How long have you been worried about our financial system?

In 1984, at a forum at Jackson Hole, Wyoming, sponsored by the Federal Reserve Bank of St Louis, I spoke about my growing concern about the changing character of the country’s financial structure and its growing vulnerabilities. Even back then, it was evident that the system was evolving into a more sophisticated, more opaque network of operations that demanded new supervision and regulations. But my warnings were received with silent indifference.

What most concerns you today?

We have permitted the creation of mammoth financial conglomerates with huge balance sheets and thin capital bases that have magnified the debt problem because they helped to facilitate the seamless distribution of credit. This has blurred the meaning of liquidity, which had traditionally been measured as the cash and equivalents an institution carried on the asset side of its balance sheet.

Now, over the past ten years, liquidity has come to mean your capacity to borrow. That’s an extraordinary change across businesses and households. Without this exposure, the downgrading of credit of many corporations would not have taken place to the degree it has. But this has been facilitated by the creation of new credit instruments and quick access to credit, which many institutions have marketed. This shift has created more vulnerable and less stable institutions.

With huge financial conglomerates controlling a large proportion of financial assets in the US and abroad, this begs the issue [which should’ve been addressed long ago]: how are we going to supervise and regulate these institutions. A partial response has been de facto nationalization of a good portion of our financial institutions. But we’re still quite far from resolving this matter, which will be an extraordinary political battle.

What specific issue stands out?

Marking to market. Of all the current issues plaguing our system today, “marking to market” is the centerpiece of the crisis. Because we lack a clear, widely accepted means of marking to market during this crisis, we can no longer value many instruments and institutions, and this has resulted in extremely volatile stock prices.

Is there anything we can do about this problem?

We need to create some sort of supervisory oversight that would establish acceptable standards for marking to market.

What has surprised you most about the crisis?

How long it took to hit. A number of problems were building up in the financial markets over a considerable period of time. But perhaps because we appeared to have been able to manage past crises, we came to believe that somehow we’d be able to overcome any mess, including excessive corporate leverage and soaring consumer indebtedness, without suffering too much dislocation. This blinded us to the severity of the problems we were facing.

The financial component of the crisis is the largest we’ve faced since the Depression. However, our economy remains in much better shape than it was in the 1930s, and I surmise it will not sink to that level because of the wide array of safety nets in place and aggressive government action that’s addressing the distress head on.

How far do you think we are from the bottom of the crisis?

We probably won’t see a bottom for another year.
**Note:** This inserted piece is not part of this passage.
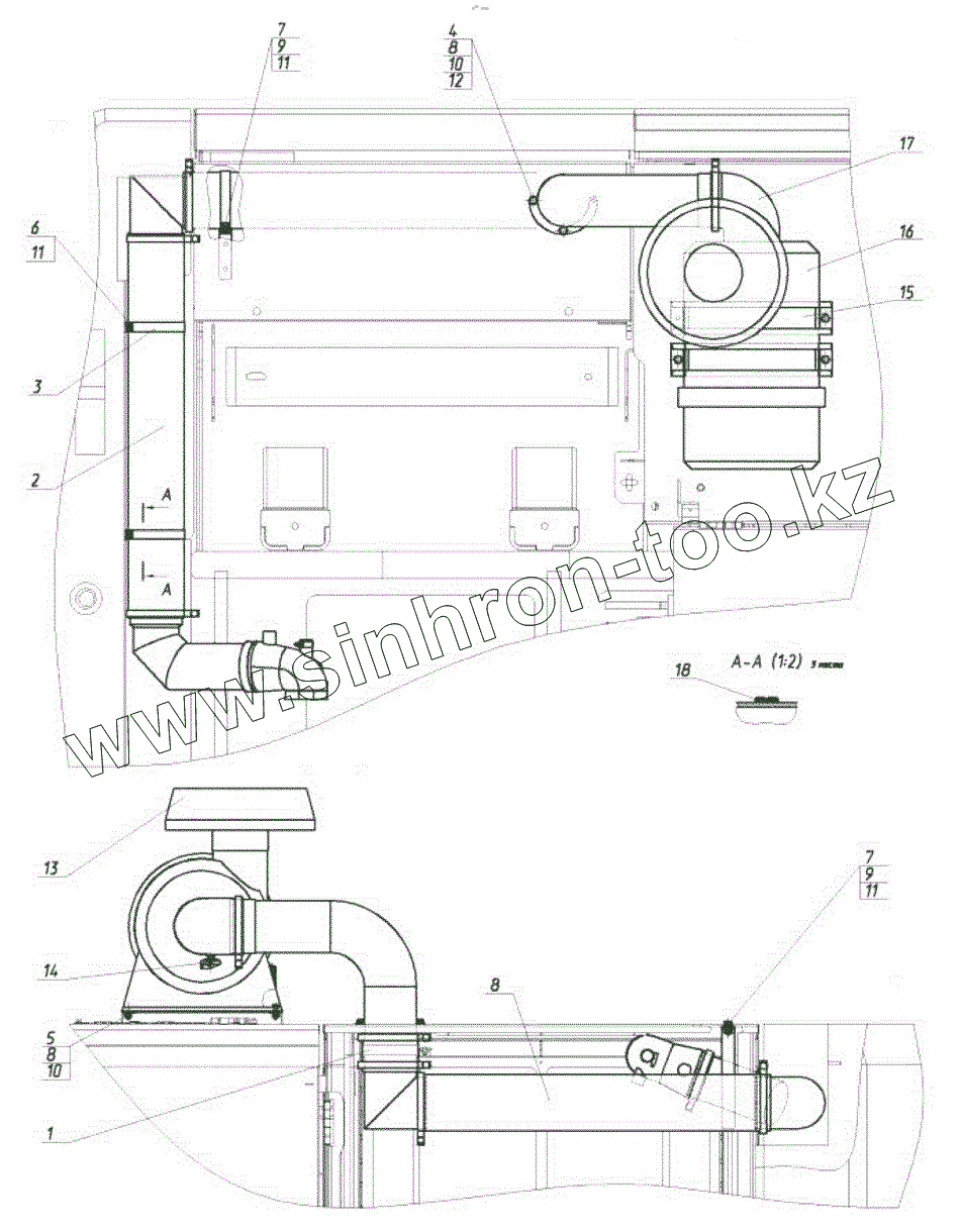 Каталог запасных частей к технике: ЭКСМАШ E300C. Установка воздухоочистителя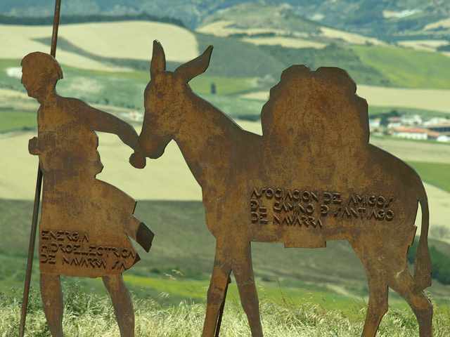It is now possible for long-distance walkers to have a company transport their luggage from one hostel to another along the Camino de Santiago de Compostella (properly kown as the Camino Francais or French Camino) by car or van, allowing many to make that trek who had previously not been able to. Then there are a few pilgrims who take a mule to carry their bags, but the majority carry their own. I started my long-distance walking habit in Spain with a rucksack on my back (containing what I needed for a 3-month stay: summer, autumn and winter), rather than having a donkey carry it for me, hence my blog is entitled, ‘Walking Without a Donkey’.

That said, the problems in the financial markets are still far from over.

What has made this crisis different from earlier ones?
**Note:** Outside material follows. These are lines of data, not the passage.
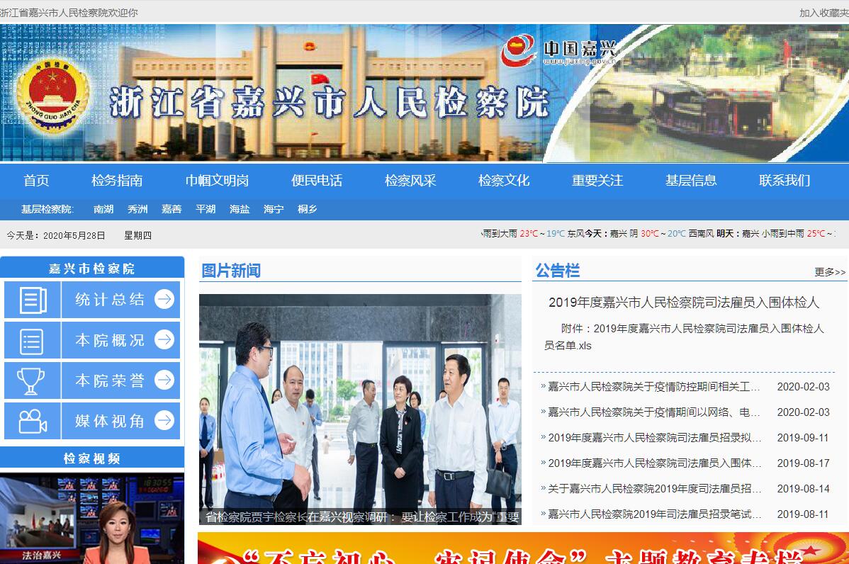 1950年9月,浙江省人民检察公署设立嘉兴专区分署(管辖范围包括今浙江省嘉兴市和湖州市)。1954年12月嘉兴专区检察分署更名为浙江省人民检察院嘉兴专区分院。十年动乱期间,嘉兴市检察机关被撤销。1978年9月,嘉兴地区重建浙江省人民检察院嘉兴地区检察分院,检察工作由此翻开了崭新的一页。1951年至1983年,孙善英、柳林、王震、乔逵、刘邦俊、施来昌历任嘉兴专区分署(院)检察长。1983年行政区划调整,撤销嘉兴地区分院建制,组建嘉兴、湖州二个省辖市人民检察院。1983年至2010年,张海江、朱立乔、王祺国、孙厚祥历任浙江省嘉兴市人民检察院检察长。2003年,建筑面积13000平方米、投资3300万元的市检察院检察综合大楼投入使用。人民检察院是国家的法律监督机关。嘉兴市人民检察院是全市检察机关的领导机关,领导全市各县(市、区)人民检察院依法履行法律监督职能,保证国家法律的统一和正确实施。其主要职责是:(一)对嘉兴市人民代表大会及其常务委员会负责并报告工作,接受市人民代表大会及其常务委员会的监督,接受上级人民检察院的领导。(二)依法向市人民代表大会和市人民代表大会常务委员会提出议案。(三)领导各县(市、区)人民检察院的工作,部署检察工作任务。(四)依法对贪污贿赂犯罪,国家工作人员的渎职犯罪,国家机关工作人员利用职权实施的非法拘禁、刑讯逼供、报复陷害、非法搜查的侵犯公民人身权利的犯罪以及侵犯公民民主权利的犯罪案件进行侦查,依法对经省级以上人民检察院批准的需要由人民检察院直接受理的国家机关工作人员利用职权实施的其他重大犯罪案件的侦查,领导各县(市、区)人民检察院的侦查工作。(五)对全市重大刑事案件依法审查批准逮捕、决定逮捕、提起公诉,领导各县(市、区)人民检察院开展对刑事犯罪案件的审查批准逮捕、决定逮捕、提起公诉工作。掌握社会治安动态,参与社会治安综合治理。(六)领导各县(市、区)人民检察院依法对刑事诉讼、民事审判和行政诉讼实行法律监督的工作。(七)对各县(市、区)人民法院已经发生法律效力、确有错误的判决或裁定,依法提出抗诉或提请抗诉。(八)对各县(市、区)人民检察院在行使检察权中作出的决定进行审查,纠正错误决定。(九)负责对市看守所和劳动教养机关的活动是否合法的法律监督;领导各县(市、区)人民检察院对刑事案件判决、裁定的执行和看守所、劳动教养机关的执法活动实行法律监督。(十)受理单位和公民的控告、申诉、举报以及犯罪嫌疑人自首,并领导各县(市、区)检察机关的举报工作。(十一)对全市职务犯罪预防工作进行研究并提出预防对策,指导各县(市、区)人民检察院职务犯罪预防工作。(十二)规划和指导全市检察机关检察技术信息工作和物证、书证、视听资料的检验、鉴定、审核工作。(十三)对检察工作中具体应用法律的问题进行研究,向立法机关和上级检察院提出立法、司法解释建议,制订全市有关检察工作的规定、办法和实施细则。(十四)负责全市检察机关队伍建设、思想政治工作和宣传工作;领导各县(市、区)人民检察院依法管理检察官及其他检察人员的工作;协同机构编制部门管理各县(市、区)检察机关的机构设置及人员编制。(十五)协同地方党委管理、考核县级检察院检察长、副检察长,根据《检察官法》和《人民检察院组织法》的有关规定办理有关任免事项。(十六)组织指导全市检察系统干部教育培训工作。(十七)规划和指导各县(市、区)检察机关的计划财务装备工作。(十八)负责其它应当由市人民检察院承办的事项。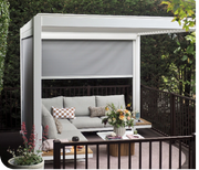 Also available for the Rota Louvered Pergola is the ability to add on Deluxe Screens. These pull-down screens – made from Textilene – provide privacy and protection, while also keeping the occupied space inside light and bright.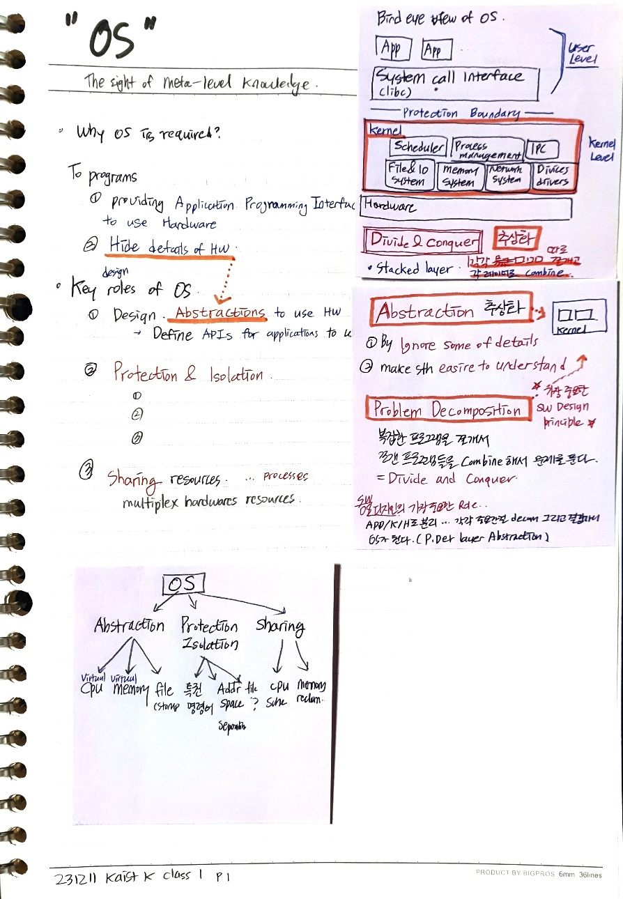 - 이렇게 추상화한 것들을 응용프로그램(application)이 쓸 수 있도록 API를 제공하고, system call 이라고 부르기로 약속했다. 이렇게 함으로써 (1) application을 제작하는 개발자들은 프로그램을 쉽게 개발할 수 있게 되었고 (2) OS는 동시에 여러 application을 돌릴 수 있게 되었으며, (3) application들은 각각 실행시 분리되어 보호할 수 있게 되었다.

Past crisis, such as what we saw in Southeast Asia, Russia, and South America in the late 1990s were far more definable in geographic and financial terms. This made them relatively transparent. While the liabilities were significant, they were quantifiable. As a result, companies, governments, and investors could effectively respond to these crises. Moreover, the fundamentals of the world’s major economies were not at risk.

But today’s crisis is unique compared to all others we’ve seen since World War II because it is domiciled in the world’s major financial centers–NY, London, Paris, Frankfurt. And the potential dimensions of the problem have been very hard to measure because the disease has globally metastasized through the explosion of derivatives and securitized obligations, which has in turn propelled the levels of debt.

We can’t accurately measure the scale of the problem because underlying valuations are so uncertain as a result of an inability to meaningfully mark to market. This producing markets that are increasingly opaque.

So you see a large part of the crisis directly related to the proliferation of securitization?

Certainly with less securitization we would have had less credit, and the dimensions of the problem would’ve been more visible. Securitization is supposed to be based on adequate knowledge of the underlying securities. But the system in fact has become more obscure because securitization has led to the proliferation of complex credit instruments.

As of last year, the notional value of credit derivatives reached nearly $60 trillion. These products were virtually unknown in the 1980s and most of the 1990s. Now we are dealing with numbers that are huge, diffused, and difficult to access because most derivatives are traded over the counter-not exchange traded. As a result, the true dimensions of the problems and on-going risk are virtually impossible to discern.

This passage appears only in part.